Below are a few examples of suggestions by GitHub Copilot:



Considerations
When using GitHub Copilot especially in a business environment but also privately there are a few things to consider.
FIRST: During setup users can take two important decisions:

I recommend to activate the filter that detects and suppresses suggestions that match public code on GitHub – just to be save in terms of licensing.
SECOND: you should make sure that all source code bases you treat with GitHub Copilot are secret free. Even if this should be the standard – unfortunately it is not always the case my experience teached me…
THIRD: Like any other code (i.e. code from StackOverflow), code suggested by GitHub Copilot should be carefully reviewed, judged and tested. GitHub copilot is only your copilot – you as a developer are the pilot and therefore in charge.
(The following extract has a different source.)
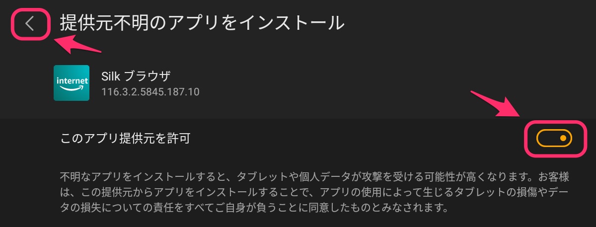 「このアプリの提供元を許可」をONにし、左上の「<」をタップします。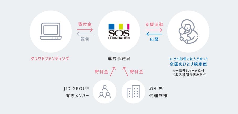 様々な影響により収入が著しく減少してしまった「ひとり親家庭」一世帯につき5万円の給付支援を行います。詳しい応募方法につきましては、特定非営利活動法人Standard Opinion Societyのホームページをご確認ください。

Public code may contain insecure coding patterns, bugs, or references to outdated APIs or idioms. When GitHub Copilot synthesizes code suggestions based on this data, it can also synthesize code that contains these undesirable patterns. This is something we care a lot about at GitHub, and in recent years we’ve provided tools such as GitHub Actions, Dependabot, and CodeQL to open source projects to help improve code quality. Of course, you should always use GitHub Copilot together with good testing and code review practices and security tools, as well as your own judgment.
GitHub
This point gets even more attention when considering the report of some American researchers which got presented at the Black Hat conference 2022. The researchers systematically investigated the prevalence and conditions that can cause GitHub Copilot to recommend insecure code. They created 89 different scenarios for Copilot to complete, producing 1,689 programs. Of these, they found approximately 40% to be vulnerable…
There are several things that seem to have an impact on the quality of the output. First of all the natural language – as public sources are mostly in English, non-English speakers might experience a lower quality of service. But also the author could have an impact. For example the researchers added a python author flag set to Andrey Petrov, lead author of python’s popular third-party library urllib3. As his code is extremely popular it’s more likely vetted for security errors. And indeed the number of non-vulnerable suggestions increased.
Conclusion
GitHub Copilot is a great initiative and definitely a game changer in terms of speed when it comes to writing code. But it requires careful reviews and even better, proper security testing in the development process. I expect GitHub Copilot to become a standard development tool. However there are some legal aspects to be clarified first before it will be used broadly in business environments.